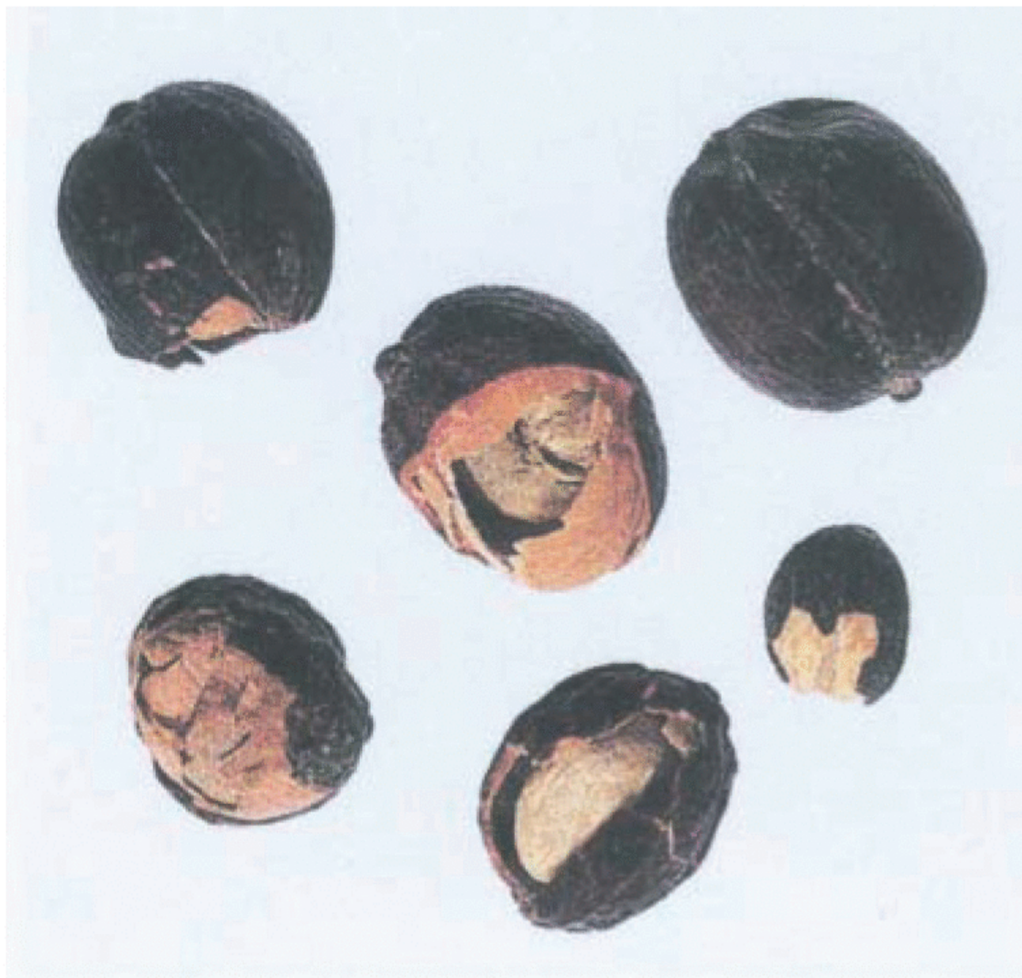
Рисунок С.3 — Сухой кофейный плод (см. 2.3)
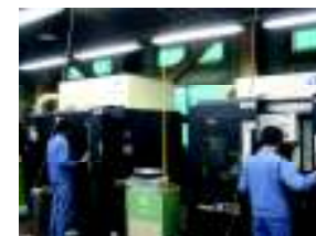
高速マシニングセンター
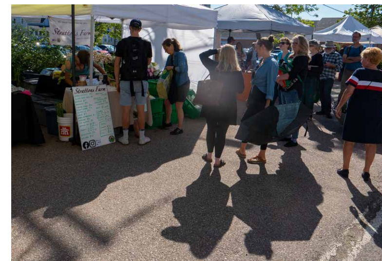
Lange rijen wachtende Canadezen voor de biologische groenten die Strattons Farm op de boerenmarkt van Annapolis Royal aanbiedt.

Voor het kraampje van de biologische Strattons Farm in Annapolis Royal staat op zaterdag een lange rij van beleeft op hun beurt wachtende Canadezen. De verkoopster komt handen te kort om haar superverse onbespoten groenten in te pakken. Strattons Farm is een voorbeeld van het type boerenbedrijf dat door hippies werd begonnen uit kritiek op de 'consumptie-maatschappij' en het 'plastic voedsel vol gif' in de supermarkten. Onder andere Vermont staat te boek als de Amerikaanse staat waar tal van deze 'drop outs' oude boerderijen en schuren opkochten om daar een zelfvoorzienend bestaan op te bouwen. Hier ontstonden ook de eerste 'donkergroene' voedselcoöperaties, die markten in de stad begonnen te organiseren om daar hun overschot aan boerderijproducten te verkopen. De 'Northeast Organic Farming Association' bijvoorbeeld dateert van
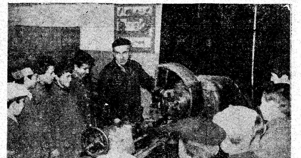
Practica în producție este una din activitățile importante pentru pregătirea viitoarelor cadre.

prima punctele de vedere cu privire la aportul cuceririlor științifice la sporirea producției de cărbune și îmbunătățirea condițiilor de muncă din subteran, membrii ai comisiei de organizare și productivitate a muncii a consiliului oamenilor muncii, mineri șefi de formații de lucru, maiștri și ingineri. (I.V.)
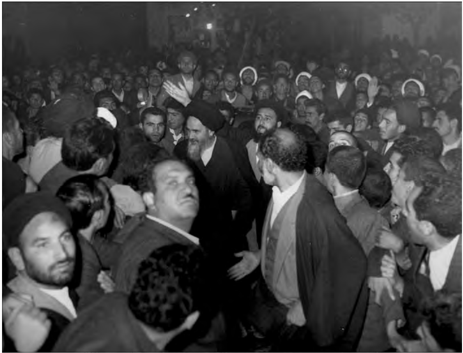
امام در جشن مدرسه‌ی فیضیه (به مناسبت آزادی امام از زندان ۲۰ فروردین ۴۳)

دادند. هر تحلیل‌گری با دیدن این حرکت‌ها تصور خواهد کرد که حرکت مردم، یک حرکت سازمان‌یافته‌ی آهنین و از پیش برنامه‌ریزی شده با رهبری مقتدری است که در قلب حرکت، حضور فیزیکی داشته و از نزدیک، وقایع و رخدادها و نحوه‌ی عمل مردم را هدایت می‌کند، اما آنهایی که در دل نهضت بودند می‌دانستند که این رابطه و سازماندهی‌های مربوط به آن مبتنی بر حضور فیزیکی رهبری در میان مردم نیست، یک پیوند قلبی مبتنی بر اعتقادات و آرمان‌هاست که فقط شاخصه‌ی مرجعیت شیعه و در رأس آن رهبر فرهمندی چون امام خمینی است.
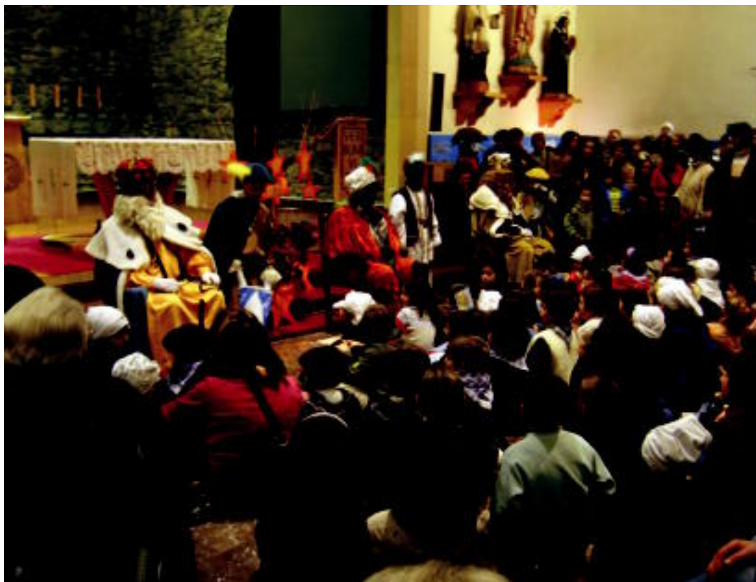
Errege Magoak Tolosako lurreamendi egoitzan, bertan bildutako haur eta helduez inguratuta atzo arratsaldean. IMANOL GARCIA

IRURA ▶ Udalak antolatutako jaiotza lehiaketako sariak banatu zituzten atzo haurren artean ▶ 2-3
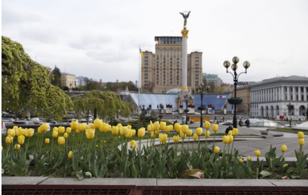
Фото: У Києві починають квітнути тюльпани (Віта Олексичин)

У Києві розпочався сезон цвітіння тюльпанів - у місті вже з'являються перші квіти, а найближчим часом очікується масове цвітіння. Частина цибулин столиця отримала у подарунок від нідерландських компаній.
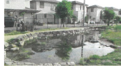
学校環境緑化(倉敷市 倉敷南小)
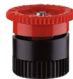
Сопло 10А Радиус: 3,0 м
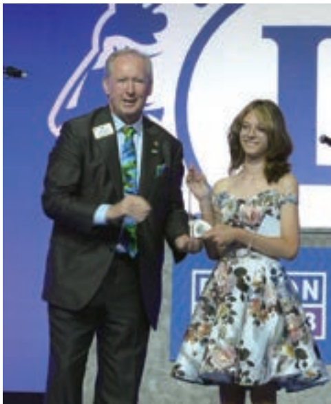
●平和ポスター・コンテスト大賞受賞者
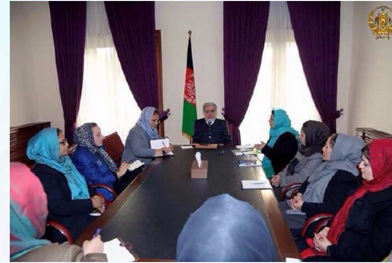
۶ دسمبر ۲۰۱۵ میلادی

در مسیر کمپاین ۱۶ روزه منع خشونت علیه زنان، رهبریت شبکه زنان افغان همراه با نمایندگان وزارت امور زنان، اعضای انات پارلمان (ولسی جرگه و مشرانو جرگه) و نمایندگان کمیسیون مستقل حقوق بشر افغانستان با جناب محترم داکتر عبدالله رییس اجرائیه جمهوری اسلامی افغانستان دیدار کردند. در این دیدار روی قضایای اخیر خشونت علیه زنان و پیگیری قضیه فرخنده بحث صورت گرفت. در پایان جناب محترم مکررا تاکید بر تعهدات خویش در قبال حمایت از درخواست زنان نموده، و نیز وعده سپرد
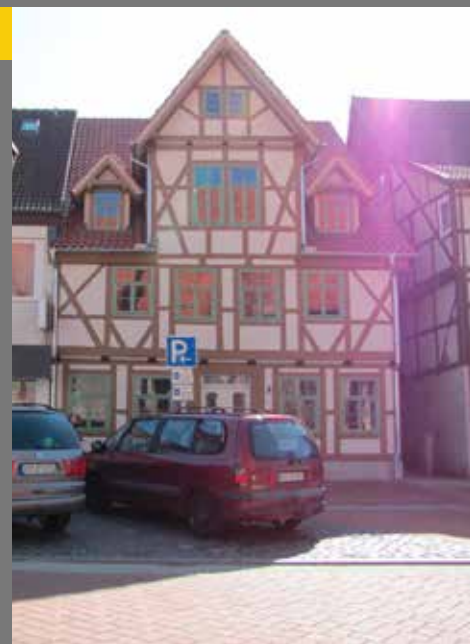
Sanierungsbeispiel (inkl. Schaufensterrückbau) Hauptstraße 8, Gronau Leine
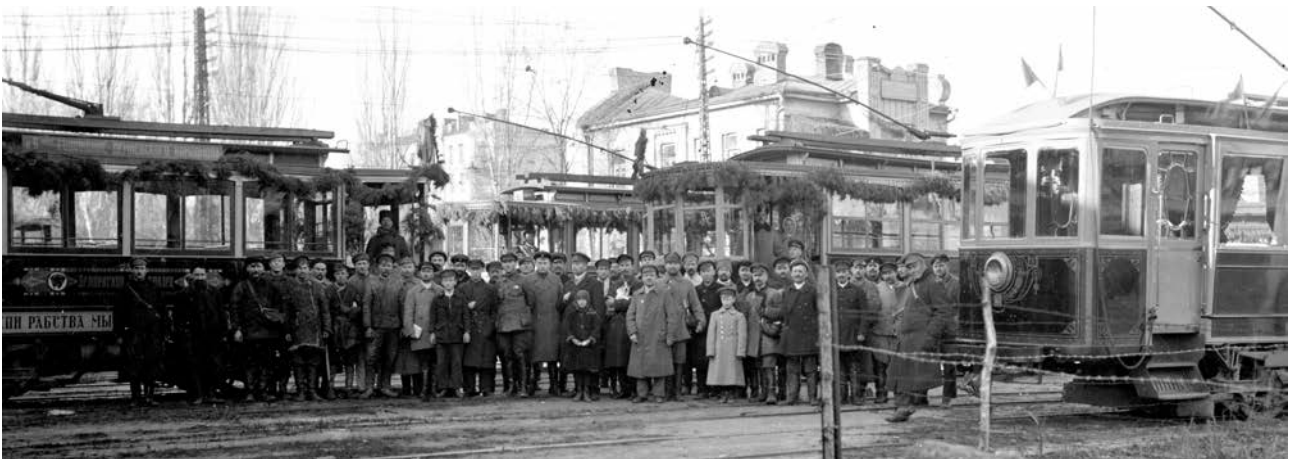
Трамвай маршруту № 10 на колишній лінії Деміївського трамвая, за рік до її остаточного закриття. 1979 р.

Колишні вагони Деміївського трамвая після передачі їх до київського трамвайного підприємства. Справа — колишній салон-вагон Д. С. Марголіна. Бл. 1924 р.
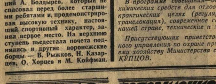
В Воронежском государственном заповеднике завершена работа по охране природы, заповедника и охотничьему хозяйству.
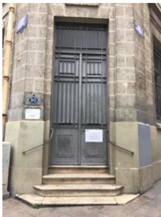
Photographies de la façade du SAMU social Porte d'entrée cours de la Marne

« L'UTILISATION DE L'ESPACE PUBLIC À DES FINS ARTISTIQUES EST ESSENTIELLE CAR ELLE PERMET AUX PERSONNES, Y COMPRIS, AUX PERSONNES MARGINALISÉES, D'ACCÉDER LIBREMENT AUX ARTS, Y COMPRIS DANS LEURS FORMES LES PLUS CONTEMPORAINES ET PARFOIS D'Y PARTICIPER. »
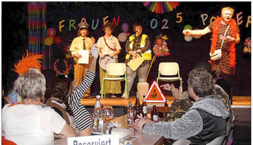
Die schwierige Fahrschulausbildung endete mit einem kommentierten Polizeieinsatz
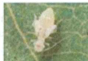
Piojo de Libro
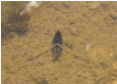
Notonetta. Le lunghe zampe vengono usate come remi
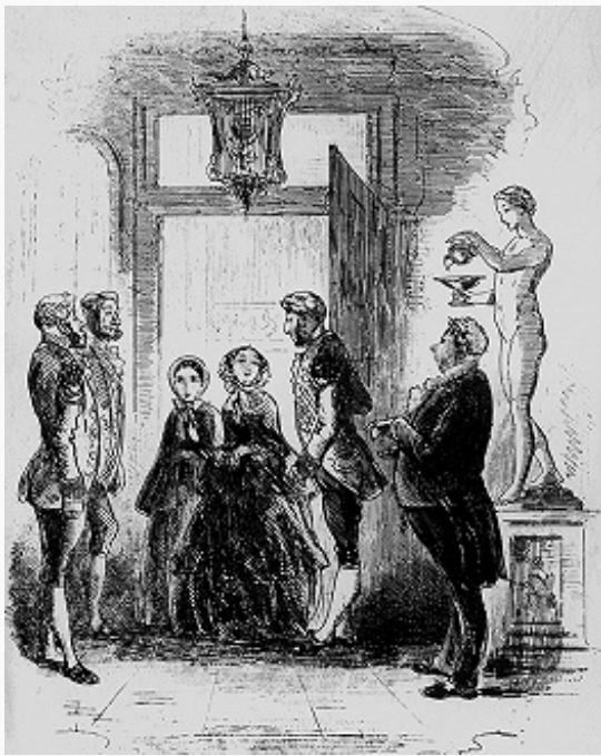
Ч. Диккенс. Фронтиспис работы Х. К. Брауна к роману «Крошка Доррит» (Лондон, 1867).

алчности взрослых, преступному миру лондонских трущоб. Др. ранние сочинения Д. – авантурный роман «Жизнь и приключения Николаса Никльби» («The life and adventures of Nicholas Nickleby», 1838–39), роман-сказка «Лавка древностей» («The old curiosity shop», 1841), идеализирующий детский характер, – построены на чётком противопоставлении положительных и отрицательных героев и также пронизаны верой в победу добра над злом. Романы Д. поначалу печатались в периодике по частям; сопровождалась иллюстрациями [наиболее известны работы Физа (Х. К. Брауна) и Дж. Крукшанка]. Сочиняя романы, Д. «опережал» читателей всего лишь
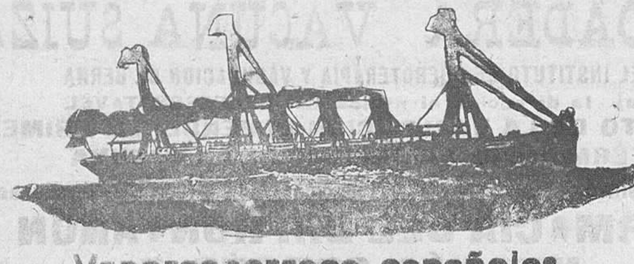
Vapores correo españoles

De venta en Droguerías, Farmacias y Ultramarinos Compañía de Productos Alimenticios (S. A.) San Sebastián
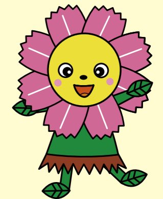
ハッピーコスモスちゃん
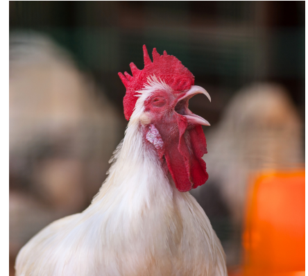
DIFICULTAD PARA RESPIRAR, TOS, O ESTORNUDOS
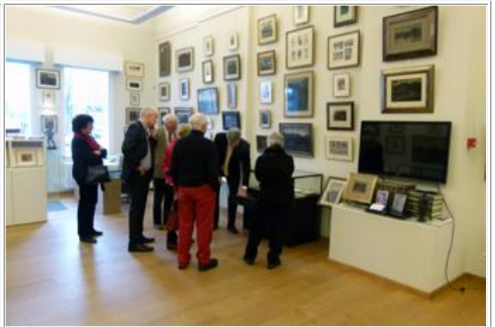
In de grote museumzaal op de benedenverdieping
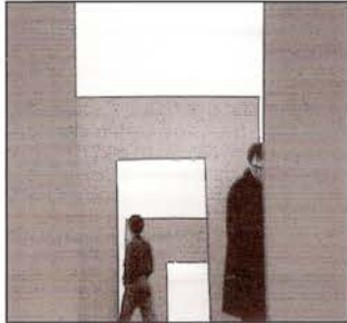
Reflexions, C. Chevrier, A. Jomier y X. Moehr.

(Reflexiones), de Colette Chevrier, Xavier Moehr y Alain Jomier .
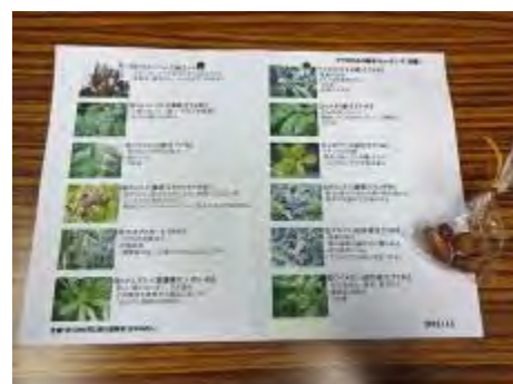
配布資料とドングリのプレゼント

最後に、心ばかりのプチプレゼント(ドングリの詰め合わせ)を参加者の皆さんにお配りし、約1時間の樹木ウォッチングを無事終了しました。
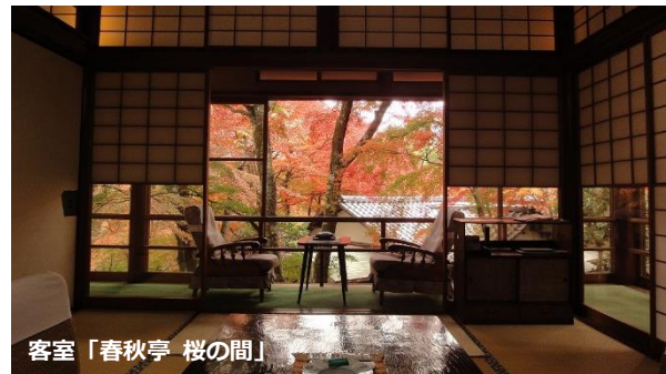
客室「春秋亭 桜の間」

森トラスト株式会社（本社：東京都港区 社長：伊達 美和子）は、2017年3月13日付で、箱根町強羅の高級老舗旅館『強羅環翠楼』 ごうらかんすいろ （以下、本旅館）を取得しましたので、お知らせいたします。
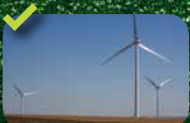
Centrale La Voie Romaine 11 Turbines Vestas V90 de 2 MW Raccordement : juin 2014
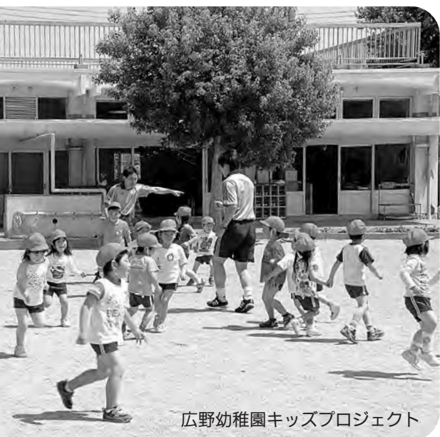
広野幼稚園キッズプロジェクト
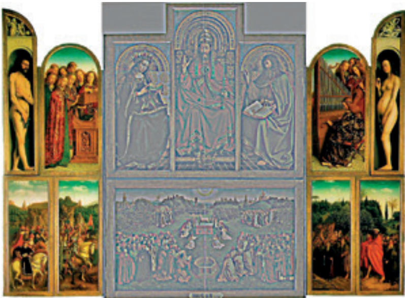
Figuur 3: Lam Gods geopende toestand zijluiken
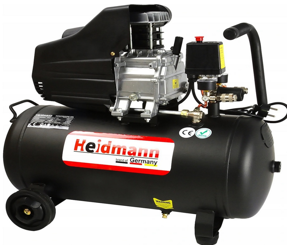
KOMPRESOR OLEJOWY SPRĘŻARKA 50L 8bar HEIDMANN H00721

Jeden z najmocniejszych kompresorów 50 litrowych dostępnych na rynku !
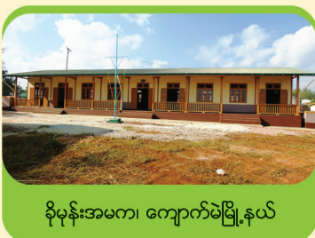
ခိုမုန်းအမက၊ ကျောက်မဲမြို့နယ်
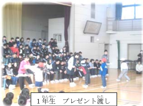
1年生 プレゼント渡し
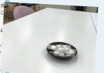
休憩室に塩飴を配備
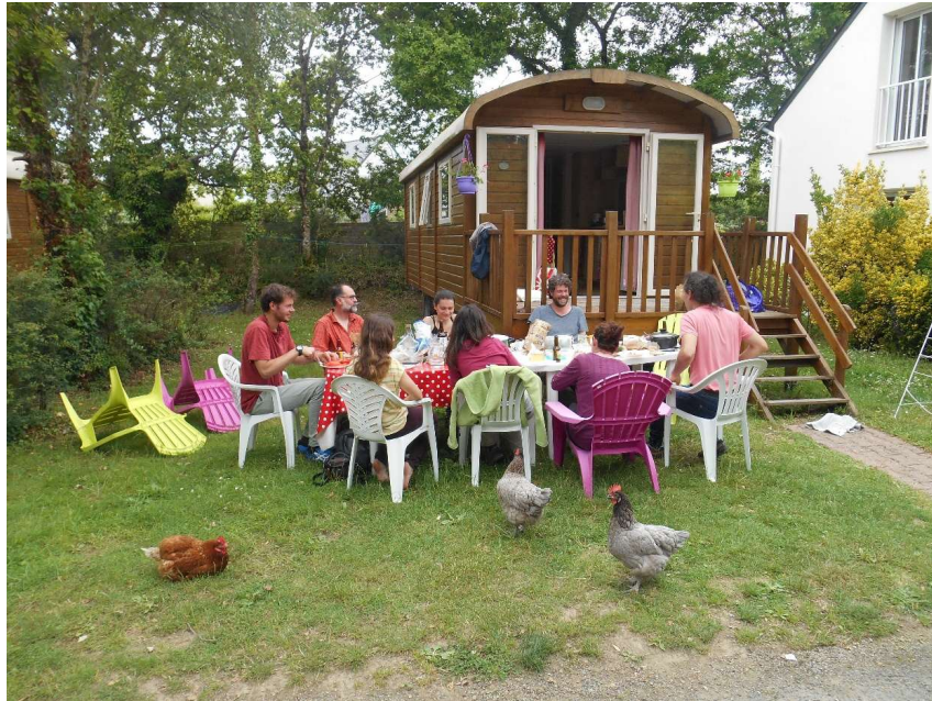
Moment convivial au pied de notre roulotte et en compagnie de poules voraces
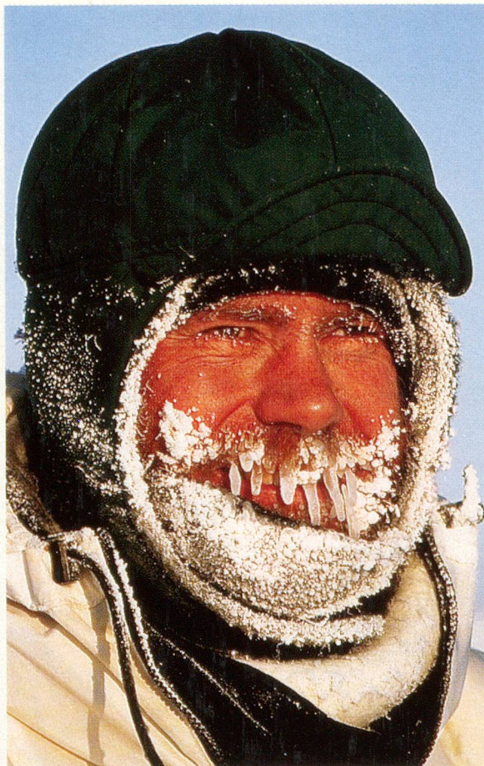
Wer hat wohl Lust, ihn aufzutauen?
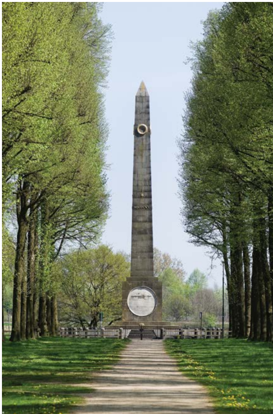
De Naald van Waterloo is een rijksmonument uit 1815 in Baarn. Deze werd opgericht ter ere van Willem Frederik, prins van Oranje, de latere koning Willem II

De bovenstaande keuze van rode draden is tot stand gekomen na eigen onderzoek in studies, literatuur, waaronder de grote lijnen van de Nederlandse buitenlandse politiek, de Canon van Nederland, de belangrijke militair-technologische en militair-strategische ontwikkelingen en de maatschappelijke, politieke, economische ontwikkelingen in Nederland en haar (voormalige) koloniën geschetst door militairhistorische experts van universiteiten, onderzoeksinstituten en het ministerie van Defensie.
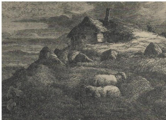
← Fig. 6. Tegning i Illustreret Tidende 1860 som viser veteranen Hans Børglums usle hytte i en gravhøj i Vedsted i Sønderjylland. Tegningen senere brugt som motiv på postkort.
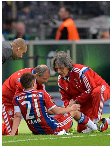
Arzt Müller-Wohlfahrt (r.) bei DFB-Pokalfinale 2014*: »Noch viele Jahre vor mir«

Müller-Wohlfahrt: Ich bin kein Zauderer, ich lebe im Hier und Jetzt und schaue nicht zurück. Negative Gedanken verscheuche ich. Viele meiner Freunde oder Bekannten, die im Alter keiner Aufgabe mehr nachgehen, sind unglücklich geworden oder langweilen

● What you should do
The answer is the lines of the material above, from the one containing "У Києві розпочався" down to the one containing "۶ دسمبر ۲۰۱۵ میلادی", given exactly and without images.

● Answer area
У Києві розпочався сезон цвітіння тюльпанів - у місті вже з'являються перші квіти, а найближчим часом очікується масове цвітіння. Частина цибулин столиця отримала у подарунок від нідерландських компаній.
学校環境緑化(倉敷市 倉敷南小)
Сопло 10А Радиус: 3,0 м
●平和ポスター・コンテスト大賞受賞者
۶ دسمبر ۲۰۱۵ میلادی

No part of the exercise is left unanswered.